Biden then became the shoo-in candidate despite his advancing age and decreasing physical fitness, winning under special pandemic circumstances in 2020. In the latest contest, Biden, at 81, ran a full campaign despite deteriorating health and decided to back down only last July. The Democratic Party then got stuck with Harris as vice president because the Biden-Harris ticket had accumulated substantial donations that eventually surpassed one billion dollars. A different candidate would not have had access to such a large electoral war chest.
With limited experience and time as a senator from California, Harris was first catapulted from virtually nowhere to become vice president and then thrust into the presidential nominee role without contest because of campaign finance exigencies. The Democratic Party may need a catharsis the way the Republican Party has cleaned house under Trump.
To be sure, Trump is widely disliked because he is quintessentially anti-establishment at home and abroad. In American politics, Trump ran an insurgent campaign back in 2016 and won. In the process, he remade the Republican Party and sidelined myriad traditional republicans. Unlike Harris, Trump’s close circle does not include any of the previous republic leaders, such as the Bush family.

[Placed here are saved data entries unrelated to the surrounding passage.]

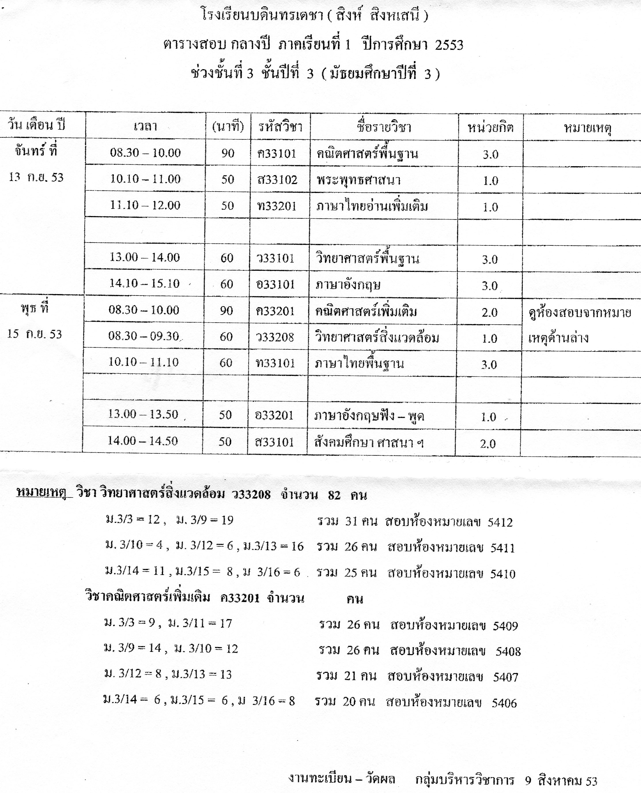 ตารางสอบปีนี้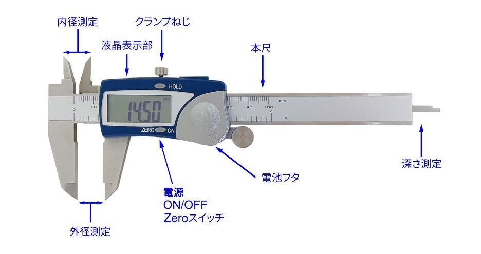 0~100mmの範囲で測定できます。ゼロ調整機能付きなので、ボタンを押すだけでゼロ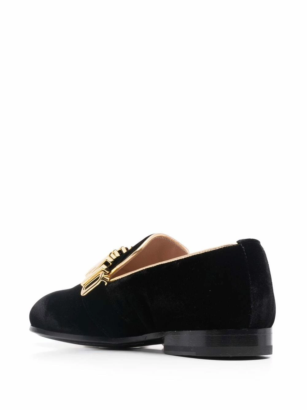 Moschino’s classic sense of fun is met with an opulent edge on this pair of loafers. Featuring logo lettering in gold-tone hardware at the front of the design, a signaturely eye-catching piece is created.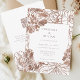 Den här elegantens bröllopsinbjudan till blommigt innehåller en modern botanisk design med mocha mousse-bruna blommor konturer. Perfekt för romantiska, rustiska eller trädgårdsbröllop kombinerar enkelhet med sofistikering. Kortets baksida innehåller en bekväm QR-kod för OSA och mer information om bröllop. Utforska matchande produkter för att slutföra din bröllop-stationsuppsättning och skapa en sammanhängande titt för din speciella dag!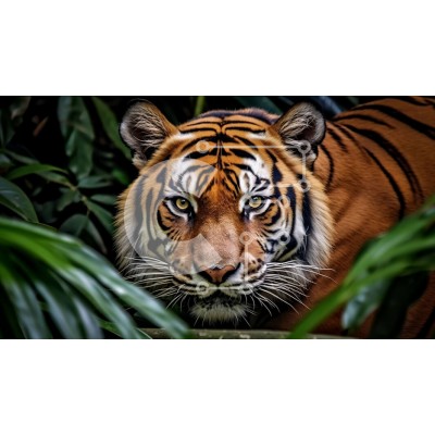 Υπάρχει δυνατότητα προσωποποίησης με δική σας φωτογραφία και προσαρμογής διαστάσεων κατόπιν παραγγελίας. Το συγεκεριμενο Puzzle 10x10 cm – 25 κομμ παρουσιαζει Αυτή η εικόνα παρουσιάζει ένα κοντινό πλάνο μιας τίγρης στη ζούγκλα. Η τίγρη κοιτάζει κατευθείαν την κάμερα με μια άγρια έκφραση και η καφέ γούνα και οι ορατές ρίγες της τονίζονται από το πράσινο φύλλωμα που την περιβάλλει. Η καλοσυνθέτη ε

Trump’s insurgency within the Republican Party is now mainstream. What he stands for can be traced back at least to 1988, if not prior, when Patrick Buchanan ran for the Republican Party presidential candidate under an “America First” platform. Back then, “America First” was the fringe wing of the party. Now, it is front and center, represented and personified by Trump. It has basically taken 30-odd years for this wing to wrest control of the party under changing conditions at home and abroad.

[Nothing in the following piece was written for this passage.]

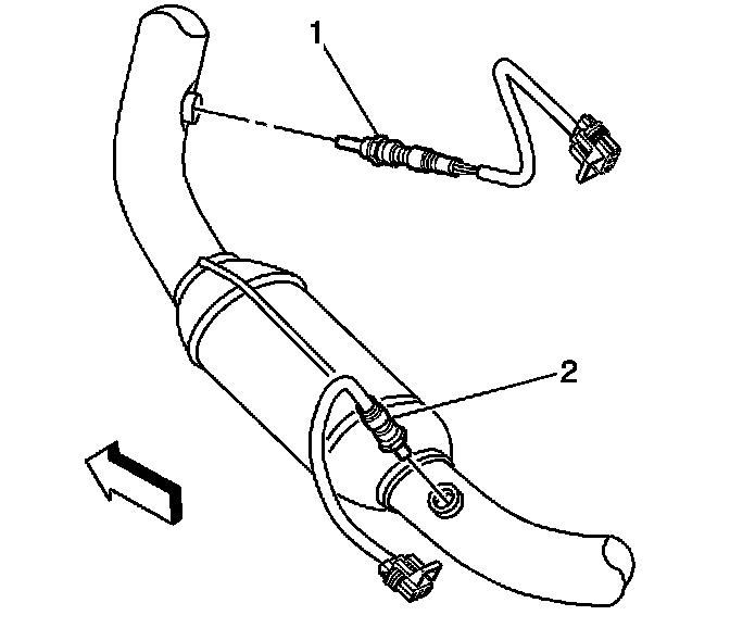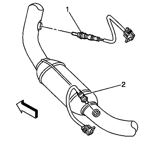 6. Install the left rear HO2S (2) to the catalytic converter.
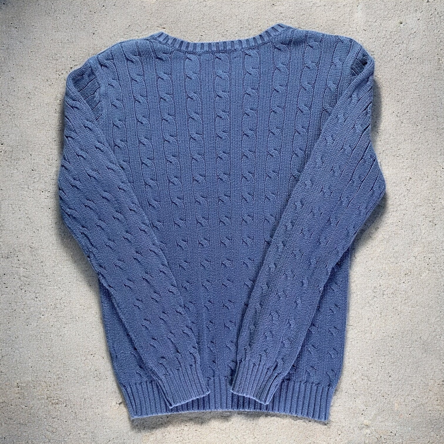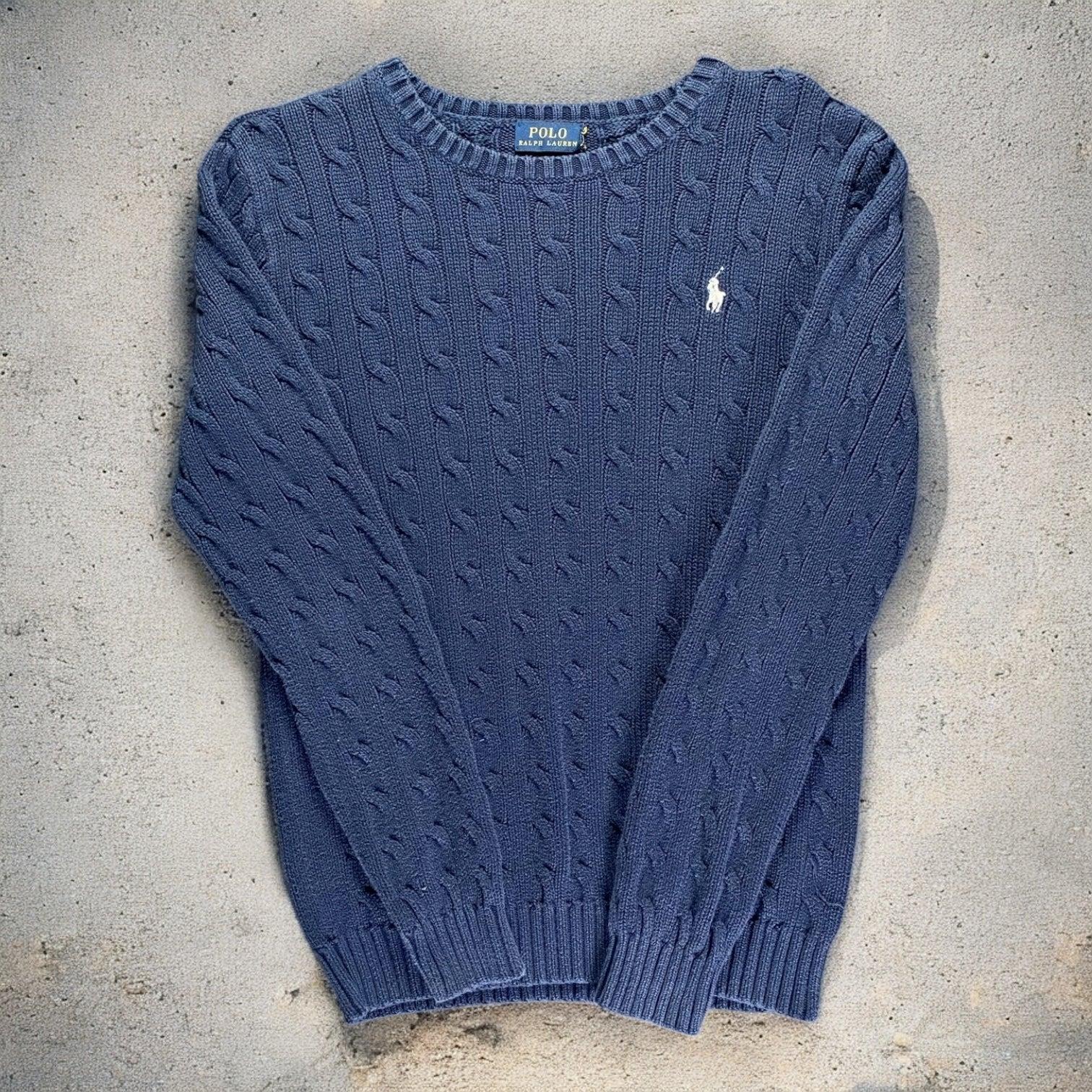 Polo Ralph Lauren Cable-Knit Cotton Sweater — a classic navy blue cable-knit sweater crafted from soft cotton. Timeless design offers both comfort and elevated style for casual or smart-casual outfits.

Abroad, Trump is widely despised because he is against the established rules-based order that the US crafted after World War II. This is why Trump, in his first term, ditched regional trade agreements, waged a trade war with China, and admonished allies to pay more for security and defence. We can expect him to do so again with fiercer conviction in his second term to refashion the international order to “Make America Great Again”, no longer willing to carry international leadership responsibilities and to underwrite and underpin the international system as we know it.
Thitinan Pongsudhirak is Senior fellow of the Institute of Security and International Studies at Chulalongkorn University.